I've had this question on my mind for a while, and I searched around and found a previous question (Should you let your opponent know if they have forgotten to press their clock?) that touched on the subject. In that previous question, it was asked if one should remind one's opponent if they forget to press their clock. The general consensus in the answers seemed to be, yes, remind them - and I always have done so, myself. My question, though, is - at what point do you stop? I've played against a number of opponents who've had the habit of forgetting to press the clock after almost every move. After reminding them the third or fourth time, it starts to get annoying, and it distracts from my own concentration on the game if I have to continually watch to make sure my opponent deals with their clock as they're supposed to. At what point does one just give up, and sit there and let their clock run until they figure it out? At what point is it no longer poor sportsmanship to refrain from warning them? If I've already reminded someone four times in one game to press their clock, does it make me a bad sport if I just sit there without speaking (or gesturing towards the clock, which is what I normally do) and without making a move, and let their clock run out when they do it the fifth time?

And actually, now that I'm thinking about it - am I actually committing a rules infraction myself, by communicating with my opponent so frequently about their clock? I've always wondered about that, too.

  • you are not required to remind them. taking your attention away from your thinking to monitor their clock is not required. Commented Feb 5, 2020 at 16:08

2 Answers 2


Its a matter of opinion, and much more likely to occur at the beginner or amateur levels of chess.

I believe it is best to show the high levels of sportsmanship and notify them immediately for the first couple of times they forget to press there clock. If they continue to forget to press the clock, start by waiting 1 minute, followed by 2 and 3 etc. … If it's becoming a serious problem and your position (clock and board) is sufficient, I would consider going for a walk to look at other games in attempt to drill the point home.

Drilling deeper into the matter, when players don't press their clock, they are costing yourself and themselves XX seconds from increments and can cause problems when playing games with multi time control periods.

  • 2
    I have seen this twice in the last few months.
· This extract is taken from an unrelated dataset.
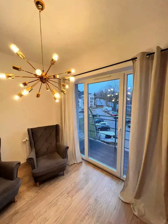 Apartament o powierzchni 60 m2 składa się z umeblowanego salonu z aneksem kuchennym i trzema oddzielnymi pokojami, łazienką.
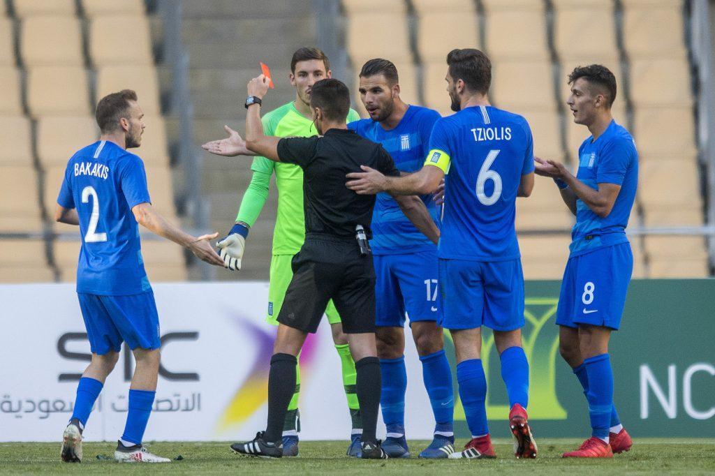 Η πρώτη μεγάλη φάση για τη Γαλανόλευκη χάθηκε στο 33′. Η τρομερή εκτέλεση φάουλ του Μπακασέτα από τα 34 μέτρα έστειλε τη μπάλα στην αριστερή δοκό του Σαουδάραβα κίπερ! Πέρα από αυτή την ευκαιρία, η ομάδα του Σκίμπε δεν παρουσίασε κάτι αξιόλογο. Μάλιστα, στο 43′ ο Γιαννούλης ανέτρεψε αντίπαλο -τη στιγμή που προσπαθούσε να μπει στη μεγάλη περιοχή του Μπάρκα- με τον διαιτητή να τον αποβάλει με κόκκινη κάρτα. Η απόφαση ήταν λανθασμένη, παρόλα αυτά ο Έλληνας αμυντικός έγινε ο πρώτος παίκτης στην ιστορία της Εθνικής Ελλάδας, που αποβάλλεται στο ντεμπούτο του!

In both cases, it was the players' first tournament. I found that, after the first time, simply gesturing at the clock with my pen was sufficient (and quiet!).
    – Ghotir
    Commented Jun 30, 2017 at 16:05

If it's in a tournament, you're under no obligation to tell them. They'll learn quickly enough through hard experience. I would liken that to telling them to take back a bad move. In a casual game, good sportsmanship would favor continuing to make some indication that they hadn't punched their clock, but that would be up to you. And I believe you're right that you're not supposed to talk to your opponent in a tournament game anyway.